Task objective
Return the whole listing unchanged. Drop the images.
=== Supplied material ===
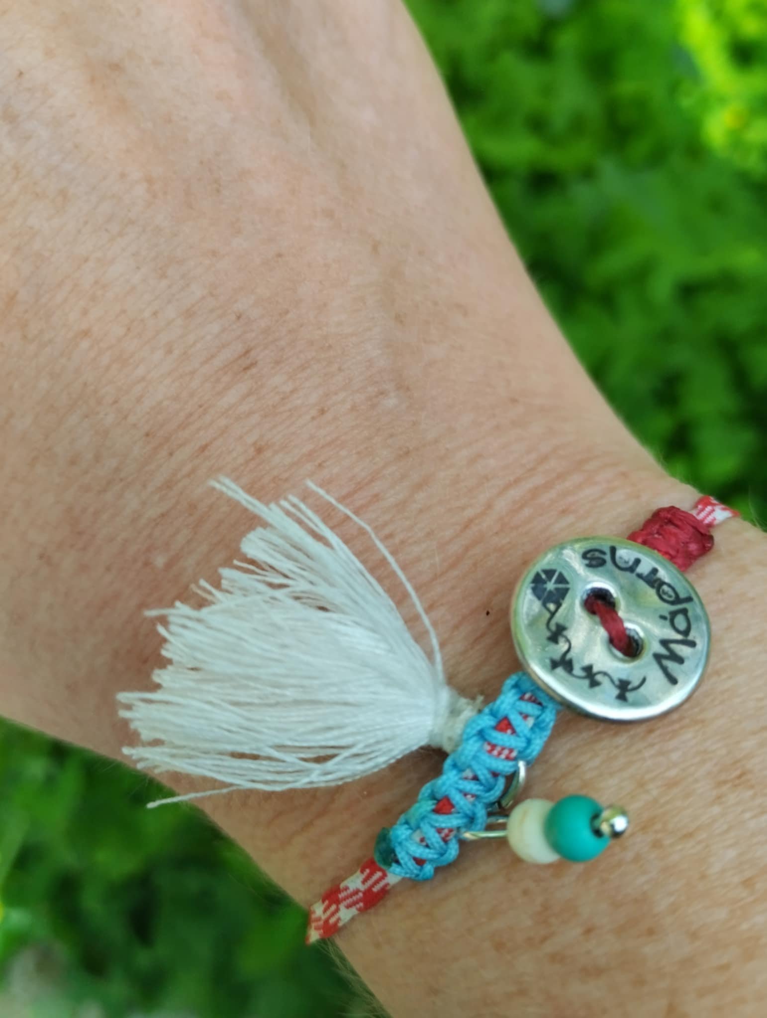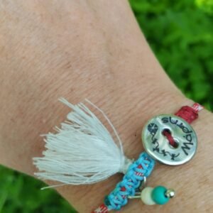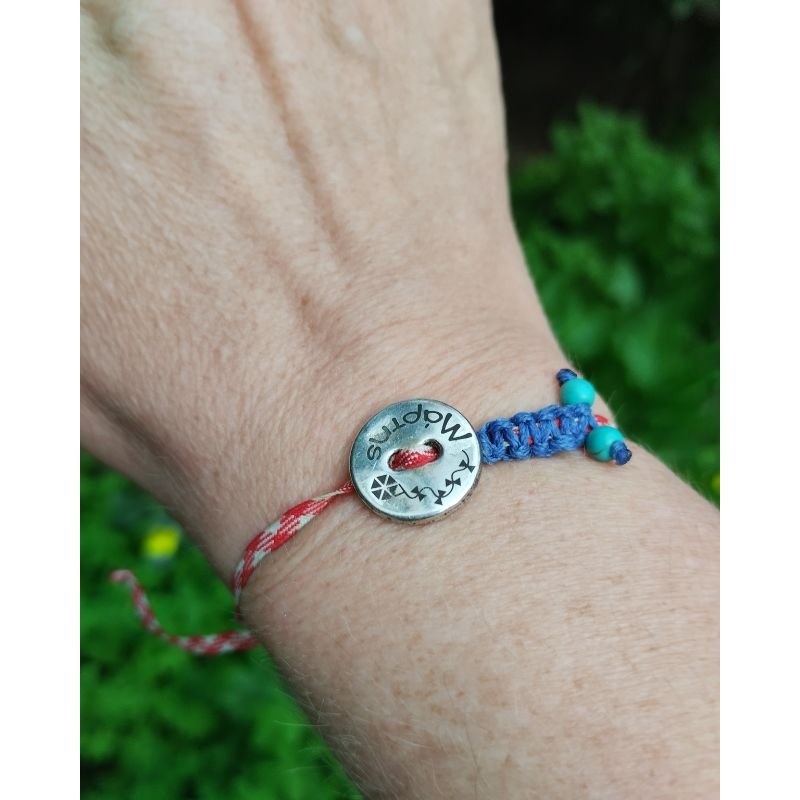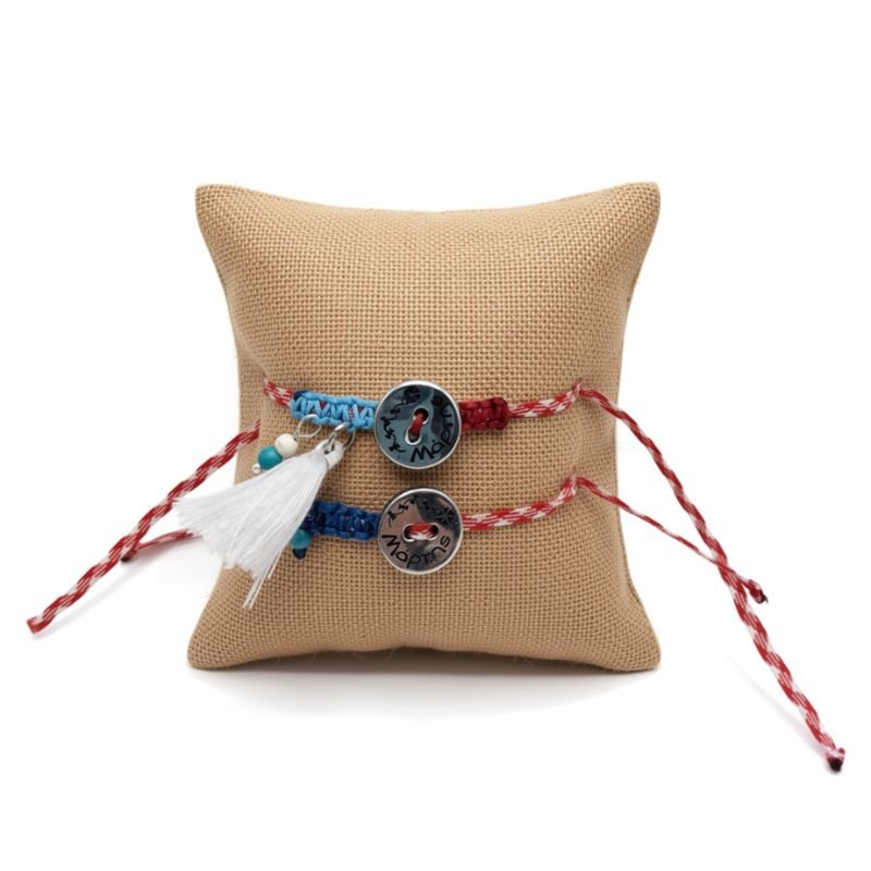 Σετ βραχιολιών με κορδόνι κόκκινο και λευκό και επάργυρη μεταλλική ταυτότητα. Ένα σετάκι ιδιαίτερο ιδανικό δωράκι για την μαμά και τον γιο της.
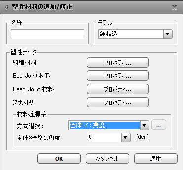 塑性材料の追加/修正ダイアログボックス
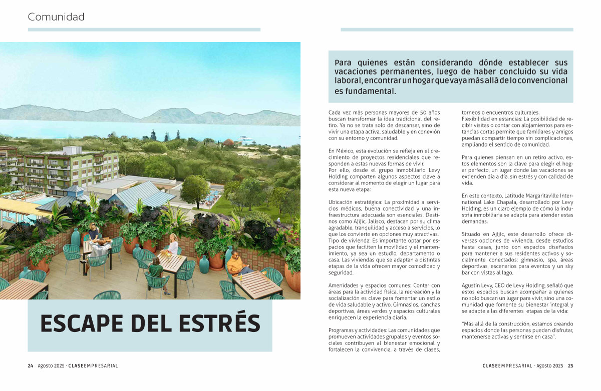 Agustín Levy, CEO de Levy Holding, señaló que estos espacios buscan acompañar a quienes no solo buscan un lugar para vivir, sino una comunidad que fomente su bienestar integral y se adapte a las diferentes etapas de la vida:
===
Result below
 Σετ βραχιολιών με κορδόνι κόκκινο και λευκό και επάργυρη μεταλλική ταυτότητα. Ένα σετάκι ιδιαίτερο ιδανικό δωράκι για την μαμά και τον γιο της.
 塑性材料の追加/修正ダイアログボックス
 Agustín Levy, CEO de Levy Holding, señaló que estos espacios buscan acompañar a quienes no solo buscan un lugar para vivir, sino una comunidad que fomente su bienestar integral y se adapte a las diferentes etapas de la vida:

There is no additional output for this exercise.